Race and the city
Johannesburg is the only city I have ever lived in by my own adult design. All other cities I was either born to – Bridgetown, Barbados – or moved to by my parents – Ile-Ife, Nigeria and Cape Town, South Africa – but Jo’burg I chose, bundling myself from a good job in Cape Town to my father’s spare bedroom to write. When luck and hard work paid off and I was able to get my own place, I chose to stay on.
Almost six years have passed. When I decided to remain, it took a while to find a place I could afford that I also liked. My criterion was simple if whimsical – natural light. After much looking, I found 70 square metres of space, not including the balcony that is barely the width of one stride.
While my reasons for coming to Jo’burg were practical, there were other reasons for staying, including a sense of fatigue with regard to Cape Town (a city in which I had spent 20 years of my life) and its veneer of sincere liberality covering up segregation, white fragility and truckloads of wilful ignorance.
I don’t claim that everyone who stays in Cape Town is comfortable with the subtle ways in which racism prevails but I do notice an assortment of responses when I tell people I moved to Jo’burg from Cape Town and, while I hate to generalize, the comments are usually quite commensurate with if not the person’s race or nationality, then at least their politics. A certain kind of white South African, for instance, is often perplexed: ‘Jo’burg is so ugly,’ they might say, or ‘You’re going the wrong way.’
Another kind of South African might understand instantly how Cape Town can resemble a final bastion of colonial rule, black workers and white owners, and how dispiriting it might be to live in such an environment. The odd black South African might scoff at my relishing of Johannesburg’s diversity, proclaiming their love of Cape Town: ‘…so what if the only other blacks I see are waiting tables, I want my piece of mountain and sea!’

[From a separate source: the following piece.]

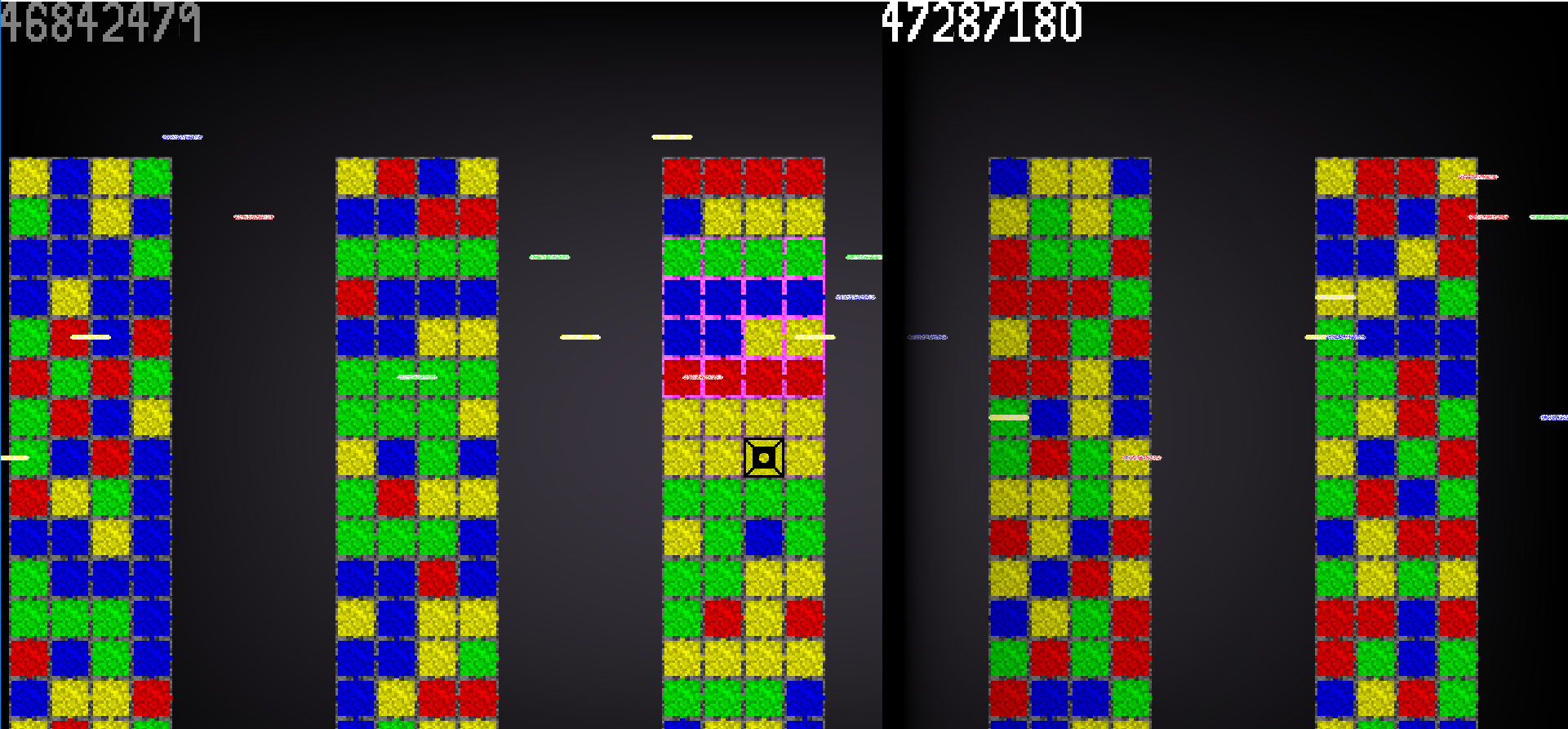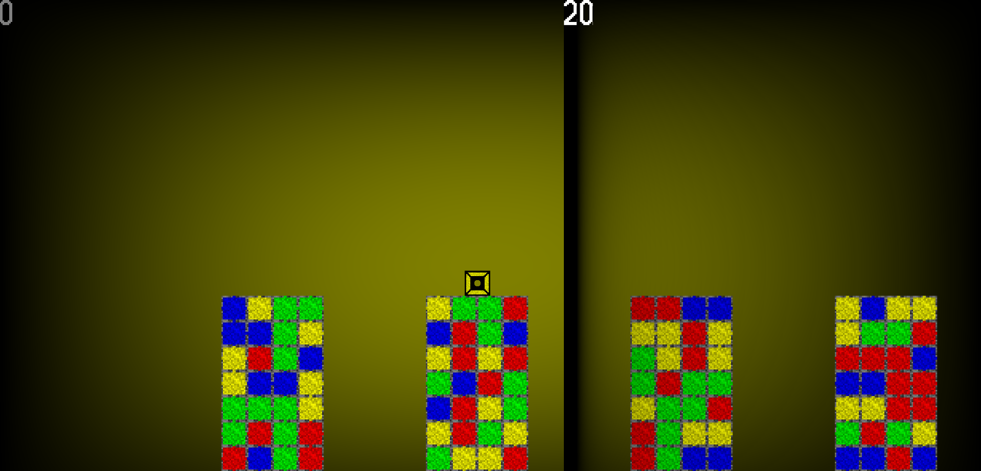 The idea is that you jump from pillar to pillar, matching different cubes as you go. You always have a color, your color determines which color of blocks you can pass through, while all of the other ones are solid. When you match 3 colors, they become the color that you are. Your score increases with each match, and increases more the further to the right you are.

On the radio the other day, on political analyst and writer Eusebius McKaiser’s show, a white man with an American accent phoned in. He expressed fatigue at how everything now was about race or gender or sexuality. He stopped short of saying that he was fed up but asked if everything had to lead in one of these three directions. I suspect he was also heterosexual.
Was he complaining about being called out? I wondered. Regardless, what struck me about his complaint was that it was the corollary of mine. I prefer Johannesburg because it is what it appears to be. Perhaps this can double as an answer to the radio-caller: so much has gone unsaid for so long, veiling prejudice and plain old wickedness; finally, we are crawling into a time when we can discuss race, gender and sexuality – don’t complain, rejoice.
Joburg is eGoli, City of Gold, a town where race exists but money presides and in between are the soft places where people meet, fall in love, play, cry – all the small moments that fill up a life. Whereas Cape Town always occurred to me as the house scrubbed clean for guests but whose natural state is mired in grime, its mountain and sea necessary panaceas for all the haunted hushed histories.
Jo’burg has no such trappings to help it shine, it does not reach towards an idealized beauty, it is at turns rough, plain and even terrifying. It doesn’t always look good, but it feels true and at least for now, for me, that seems most important.